● **WORK TASK**
Once the pictures are removed, restate the listing word for word.
-- INPUT FOR THIS TASK follows --
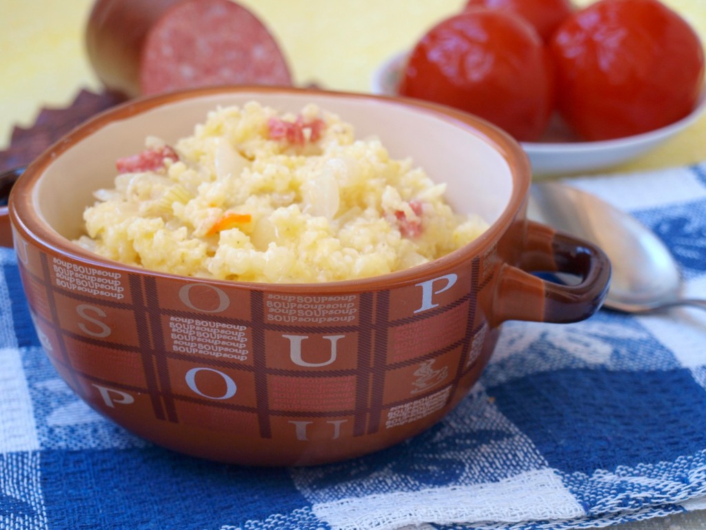 Необыкновенно вкусная пшенная каша получается с добавлением в неё квашеной капусты. Такая каша замечательно подойдёт для завтрака. Приготовить её можно как в постном варианте, так и с добавлением колбасы. Попробуйте!
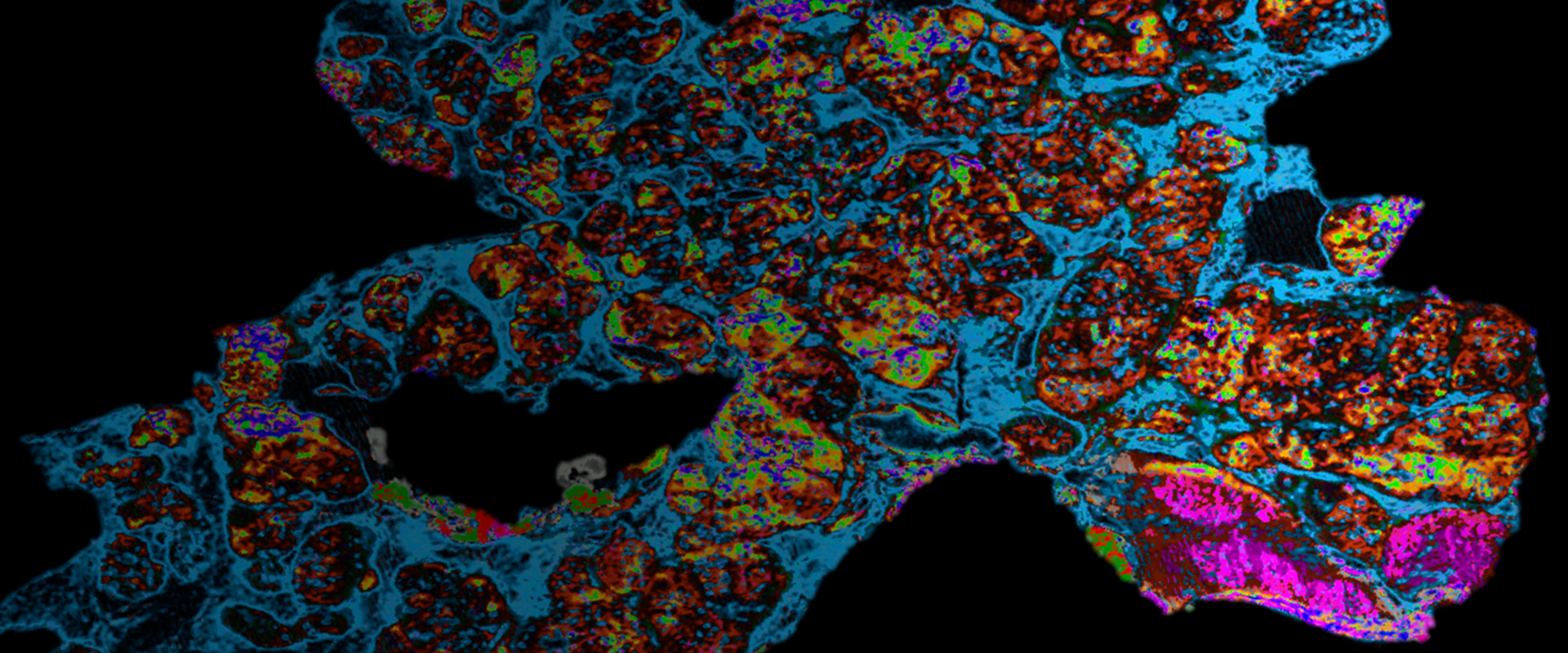 By using IR lasers, tissue imaging has become faster than ever. With acquisition rates of 9000 pixels per second at a pixel resolution of 5 µm, Bruker's ILIM allows the imaging of several square centimeters of tissue within minutes. By implementing our patented coherence reduction technique, it is finally possible to capture theses images without artifacts – something no other IR instrument can achieve. Adding to this, our unique machine learning-driven algorithms generate spatial segmentation maps based on chemical fingerprints without the need for prior molecular or histological input. The result is an unprecedented analytical tool for tissues that opens new possibilities and applications, such as IR Guided MALDI Imaging.
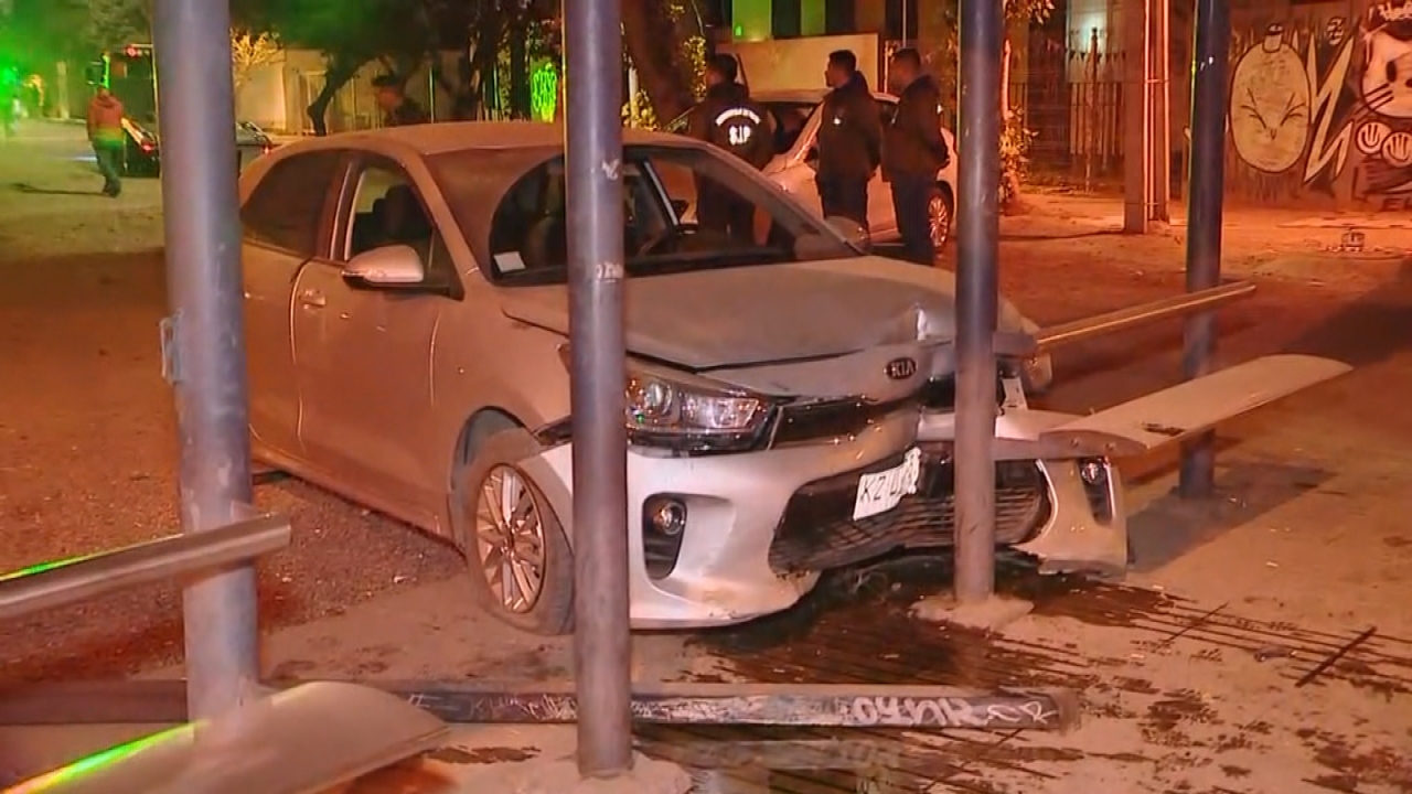 Por su parte, el tercer delincuente, que escapaba en el auto Kia recién robado, chocó a unos 50 o 100 metros del primer accidente, quedando incrustado en un paradero del transporte público.
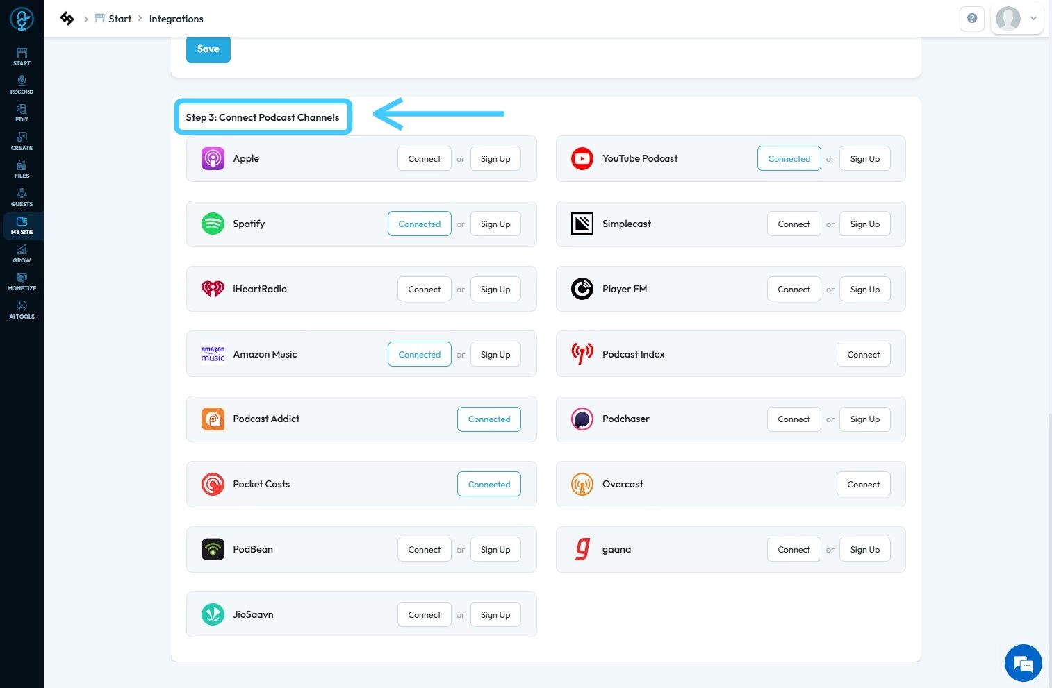 10. Scroll down and you will have "Step 3: Connect Podcast Channel" section.
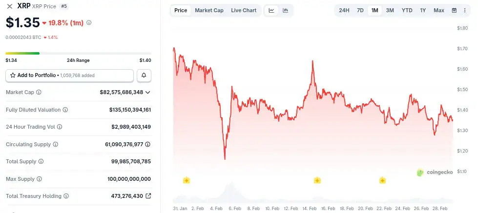 El desbloqueo de tokens XRP ocurre en un momento técnico delicado para la criptomoneda y el ecosistema cripto en general. Al cierre de esta edición, el precio de XRP cotiza en torno a los $1,38 dólares, enfrentando una corrección del 7% en las últimas horas y de más del 19% en el último mes.
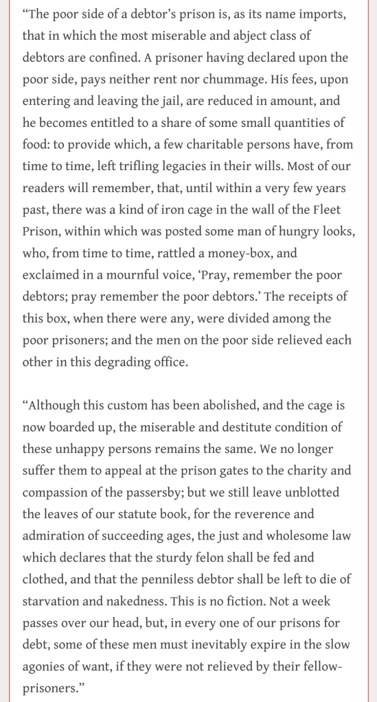 I was reflecting on the passages from our read this week (during what Lenny later calls Pickwick’s “descent” into a kind of Heart of Darkness within London), particularly as we go from the more visible side of the Fleet ~ the idle debtors gambling and drinking the time away, to the “poor side,” where misery and want are most extreme. I start out with an extended quote about the “poor side”:
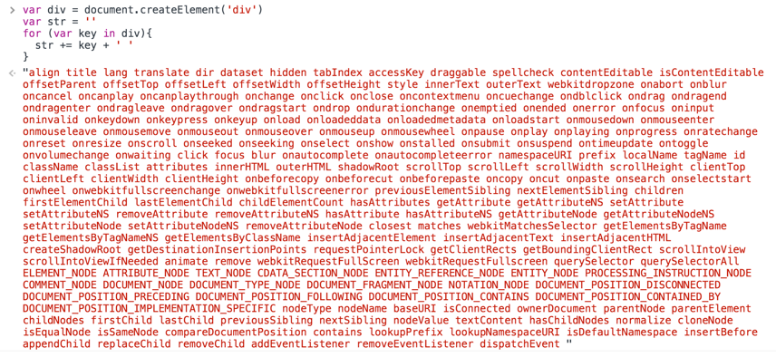 Virtual DOM 这个概念相信大部分人都不会陌生,它产生的前提是浏览器中的 DOM 是很“昂贵"的,为了更直观的感受,我们可以简单的把一个简单的 div 元素的属性都打印出来,如图所示:
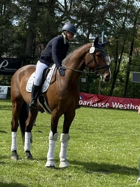 🌟 Cool Running – Versatile and Charming Allrounder with a Great Character 🌟 Gelding | 9 years old | approx. 17.6 hh | Dressage winner up to L level Cool Running is a stunning, expressive gelding with a lot of heart, eagerness to learn, and motivation. He impresses with his excellent rideability, a clear mind, and a consistently positive attitude towards work. He has achieved success in dressage up to L level 🥇, trained at M-N level, demonstrating confident traversals, shoulder-in, extended trot, and currently working on flying changes. In jumping, he has competed up to A** level but has not been further trained in this discipline. He shows great talent, awareness, and enjoyment of jumping – making him an ideal partner for riders seeking a versatile, talented horse. Cool Running is also trail-safe, well-behaved at the farrier and veterinarian, and always reliable in daily handling. 🔹 TÜV: No issues 🔹 Note: Small spook but no problem 🔹 Character: Honest, balanced, people-oriented 🔹 Areas of use: Dressage, jumping, leisure riding, trail riding A true heart horse for ambitious riders looking for a performance-ready, secure allrounder that always aims to please. ❤️🐴 Please feel free to contact us with any further questions.
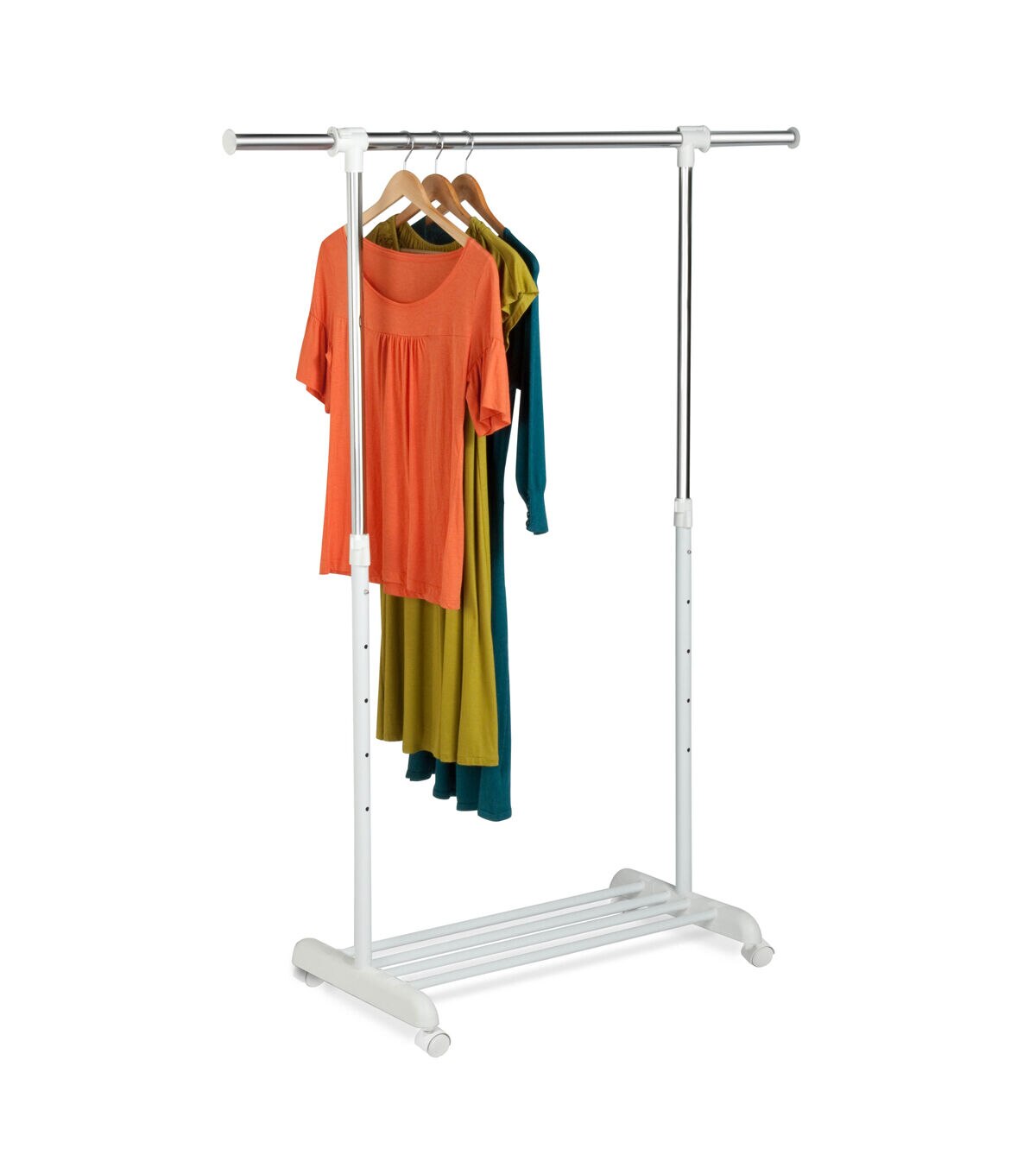 Honey Can Do 48" x 63" Chrome & White Adjustable Rolling Clothes Rack
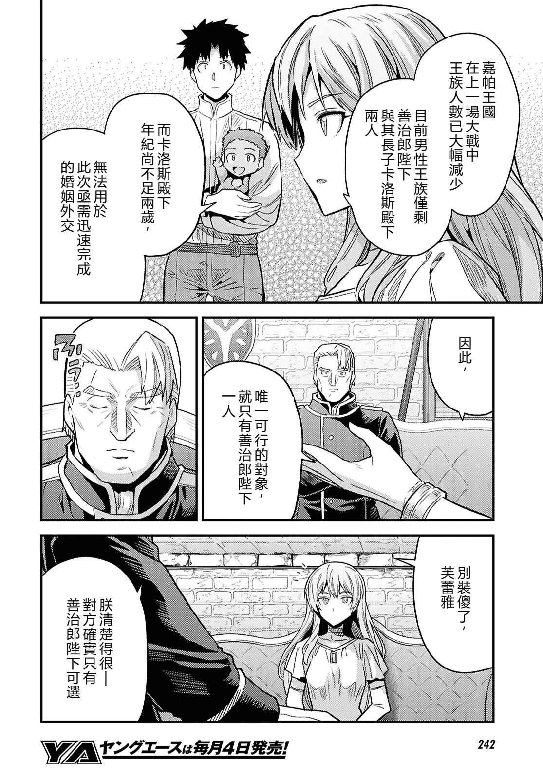 山井善治郎是在现代日本生活的一个上班族。某一天的早晨,善治郎突然被召唤到一个恐龙昂首阔步的亚热带异世界——嘉帕王国。召唤他的,是嘉帕王国的女王奥菈一世。召唤善治郎的女王奥菈,向善治郎提出“请和我结婚,并在这个世界生活”。理由是善治郎为“一百五十年前,为了爱情去往异世界的嘉帕王族的末裔”。虽然国内的贵[]贵族中也有继承王室血脉的结婚候补,但如果让他们成为夫婿的话,会使“男尊女卑”现象很严重的嘉帕王国,出现女王和夫婿之间权力斗争的可能性相当高。因此,对善治郎的请求[-折叠]
-- INPUT FOR THIS TASK concluded --
● **RESPONSE TO THIS EXERCISE**
 Необыкновенно вкусная пшенная каша получается с добавлением в неё квашеной капусты. Такая каша замечательно подойдёт для завтрака. Приготовить её можно как в постном варианте, так и с добавлением колбасы. Попробуйте!
 By using IR lasers, tissue imaging has become faster than ever. With acquisition rates of 9000 pixels per second at a pixel resolution of 5 µm, Bruker's ILIM allows the imaging of several square centimeters of tissue within minutes. By implementing our patented coherence reduction technique, it is finally possible to capture theses images without artifacts – something no other IR instrument can achieve. Adding to this, our unique machine learning-driven algorithms generate spatial segmentation maps based on chemical fingerprints without the need for prior molecular or histological input. The result is an unprecedented analytical tool for tissues that opens new possibilities and applications, such as IR Guided MALDI Imaging.
 Por su parte, el tercer delincuente, que escapaba en el auto Kia recién robado, chocó a unos 50 o 100 metros del primer accidente, quedando incrustado en un paradero del transporte público.
 10. Scroll down and you will have "Step 3: Connect Podcast Channel" section.
 El desbloqueo de tokens XRP ocurre en un momento técnico delicado para la criptomoneda y el ecosistema cripto en general. Al cierre de esta edición, el precio de XRP cotiza en torno a los $1,38 dólares, enfrentando una corrección del 7% en las últimas horas y de más del 19% en el último mes.
 I was reflecting on the passages from our read this week (during what Lenny later calls Pickwick’s “descent” into a kind of Heart of Darkness within London), particularly as we go from the more visible side of the Fleet ~ the idle debtors gambling and drinking the time away, to the “poor side,” where misery and want are most extreme. I start out with an extended quote about the “poor side”:
 Virtual DOM 这个概念相信大部分人都不会陌生,它产生的前提是浏览器中的 DOM 是很“昂贵"的,为了更直观的感受,我们可以简单的把一个简单的 div 元素的属性都打印出来,如图所示:
 🌟 Cool Running – Versatile and Charming Allrounder with a Great Character 🌟 Gelding | 9 years old | approx. 17.6 hh | Dressage winner up to L level Cool Running is a stunning, expressive gelding with a lot of heart, eagerness to learn, and motivation. He impresses with his excellent rideability, a clear mind, and a consistently positive attitude towards work. He has achieved success in dressage up to L level 🥇, trained at M-N level, demonstrating confident traversals, shoulder-in, extended trot, and currently working on flying changes. In jumping, he has competed up to A** level but has not been further trained in this discipline. He shows great talent, awareness, and enjoyment of jumping – making him an ideal partner for riders seeking a versatile, talented horse. Cool Running is also trail-safe, well-behaved at the farrier and veterinarian, and always reliable in daily handling. 🔹 TÜV: No issues 🔹 Note: Small spook but no problem 🔹 Character: Honest, balanced, people-oriented 🔹 Areas of use: Dressage, jumping, leisure riding, trail riding A true heart horse for ambitious riders looking for a performance-ready, secure allrounder that always aims to please. ❤️🐴 Please feel free to contact us with any further questions.
 Honey Can Do 48" x 63" Chrome & White Adjustable Rolling Clothes Rack
 山井善治郎是在现代日本生活的一个上班族。某一天的早晨,善治郎突然被召唤到一个恐龙昂首阔步的亚热带异世界——嘉帕王国。召唤他的,是嘉帕王国的女王奥菈一世。召唤善治郎的女王奥菈,向善治郎提出“请和我结婚,并在这个世界生活”。理由是善治郎为“一百五十年前,为了爱情去往异世界的嘉帕王族的末裔”。虽然国内的贵[]贵族中也有继承王室血脉的结婚候补,但如果让他们成为夫婿的话,会使“男尊女卑”现象很严重的嘉帕王国,出现女王和夫婿之间权力斗争的可能性相当高。因此,对善治郎的请求[-折叠]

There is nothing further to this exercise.